After a while, we established that what she actually meant was that people who shared her views would need to design the parameters of others’ lives — for the “common good,” of course. She was very nice — more Tom Friedman than Mussolini — and would surely be horrified if I were to buy her a copy of Liberal Fascism and suggest that people like her are exactly what the book is about. But neither her basic decency nor her naïveté can change the fact that she and her fellow panelists have succumbed to the totalitarian temptation, and adopted wholesale the seductive idea that the future is just too important to be left to individuals and free institutions and must thus be bent to the will of experts who happen to look very much like them.
This group, discovered early in the morning before the cameras and microphones had arrived and the day’s message had become filtered through them, summed up what I recognized last year in Zuccotti Park, and what you will find rather quickly if you peruse the various websites that Occupy has been running for its May Day events and beyond: The people involved in the movement have managed somehow to confuse their conception of the “public good” with the American “general will.” (Rousseau deserves some of the blame for this conflation, one suspects.) Thus, in the imaginations of the Occupiers, the American people — 99 percent of them, at least — serve as an enormous human Rorschach test, onto which the hopes and fears of a small minority of progressives are projected, and by which universal authority is claimed. It is a clever trick, but it is one that runs contrary to the American system of government and to the maintenance of a free and virtuous people.

 And it is one that, ultimately, requires government by an enlightened class at the expense of the best elements of both American democracy and republicanism.
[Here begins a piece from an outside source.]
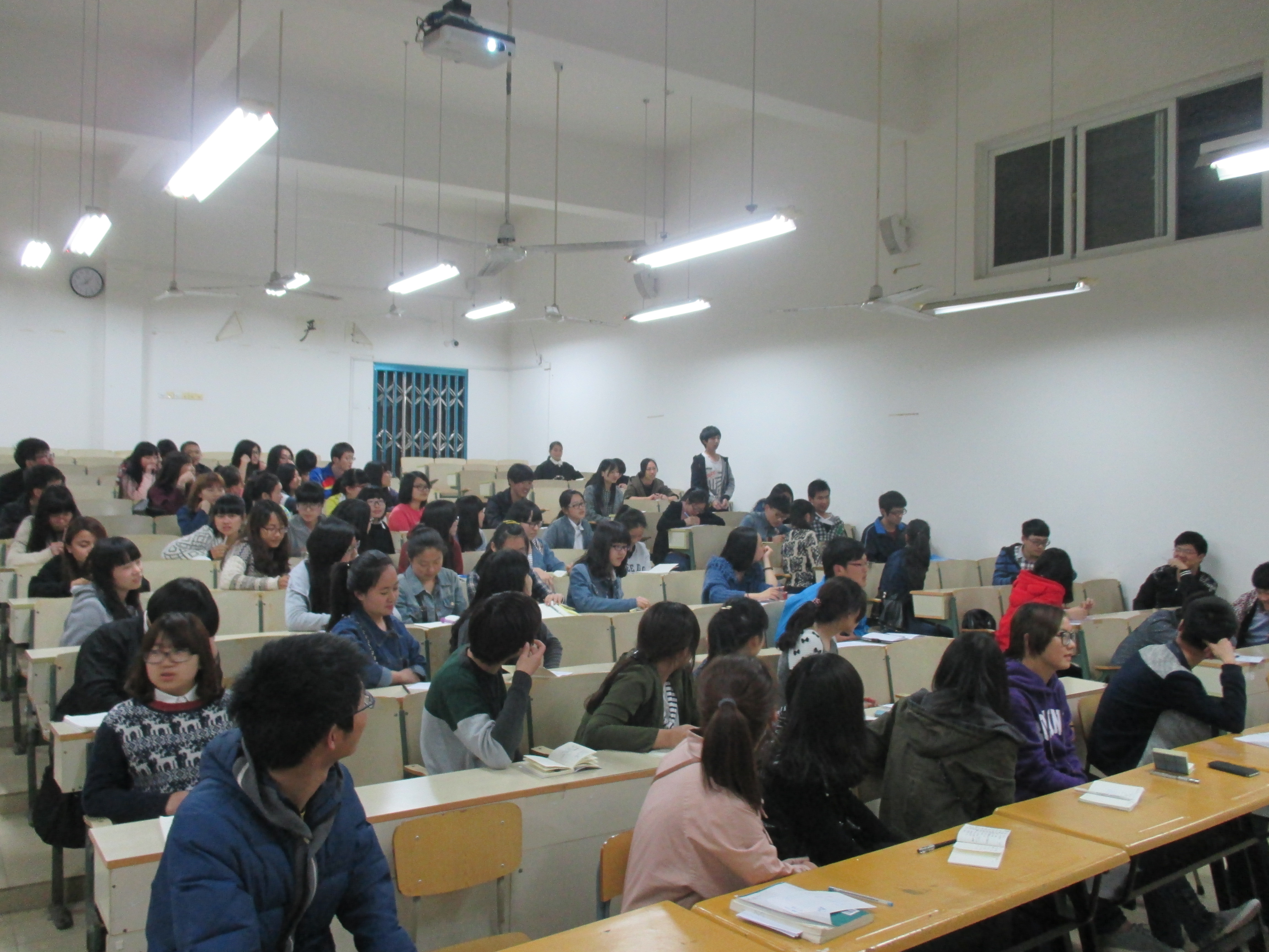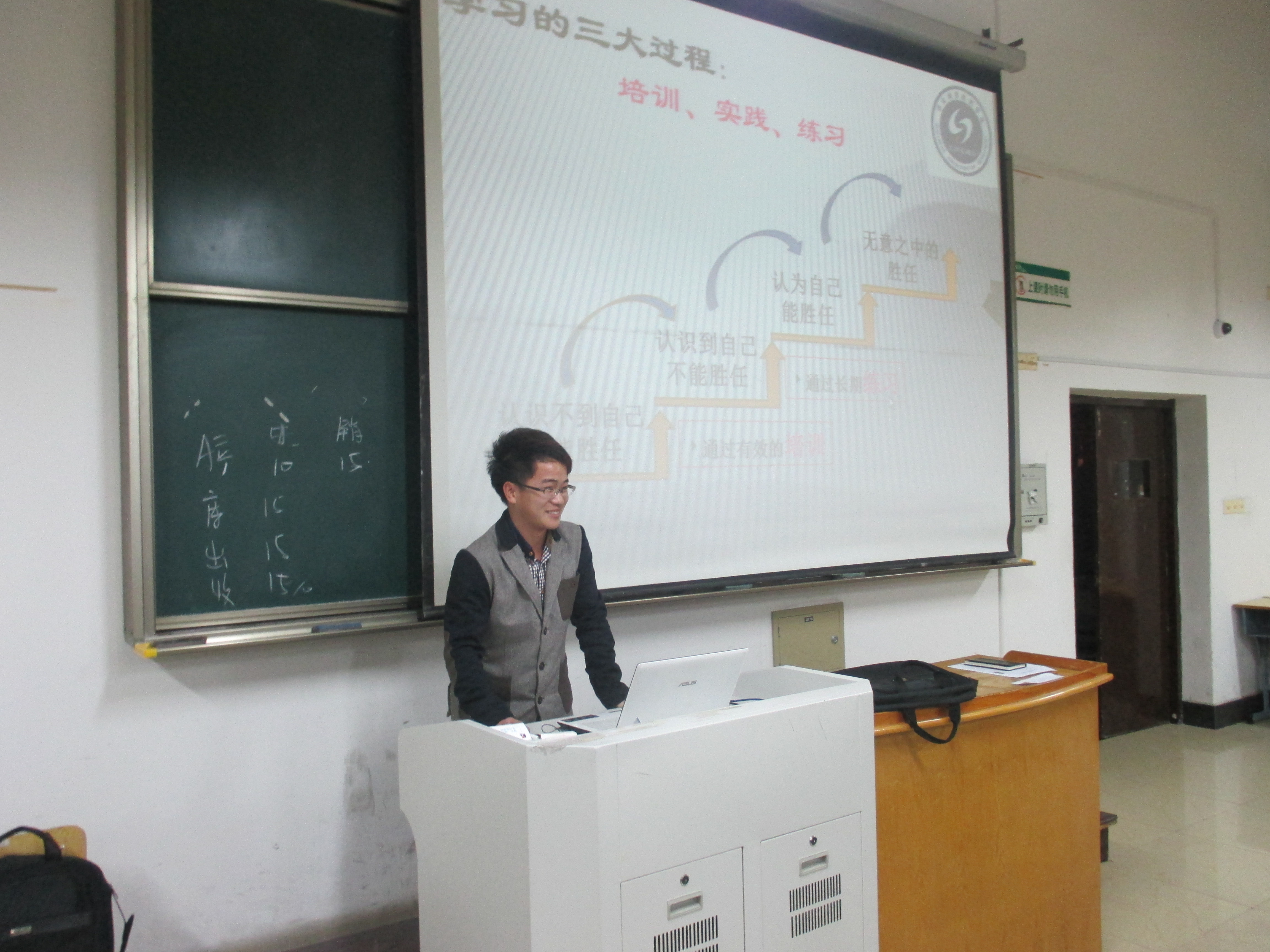 应该如何做好一个学生干部呢?学长学姐的长与短,学习与改正。2014年4月10日晚8点,工商管理系团学培训第五次讲课在明德楼307教室进行,此次讲课的分别是纪检部部长马章晨和生活部部长叶强君。纪检部部长马章晨以一个简单的游戏,但又是绝对具有挑战的游戏拉开此次团学培训的帷幕。拍七令:所有人需要共同完成一件任务——数数。数数的规则是每人按照顺序一个人数一个数,遇到数字末尾是3或3的倍数时,就以拍掌示意。 数错的人就要进行自我介绍及为何参加团学培训的动机和对部门部长的优点与缺点。拍七令游戏极大地调动了干事兴趣,整个课堂在一阵阵笑声和欢呼声中结束。

Thankfully, such people root their convictions in some remarkable wishful thinking. All day yesterday, vast majorities of pedestrians walked directly through the hearts of the May Day protests without stopping. They went to work, they visited the bank, maybe they went to the movies or had lunch in a restaurant. In short, they did everything that they had been told not to.

 Yesterday’s “General Strike,” Occupy Wall Street claimed, was called against “a system that does not work for us.” But the “us” was presumptive. No doubt there are many in this country who would like to see change. But they will want a say in how such change comes about, and, as long as the Occupiers so widely and openly indulge the totalitarian temptation, and so long as they seek to impose from the outside their vision for utopia, Occupy Wall Street is destined to remain what it has always been: a group on the fringe.
— Charles C. W. Cooke is an editorial associate at National Review.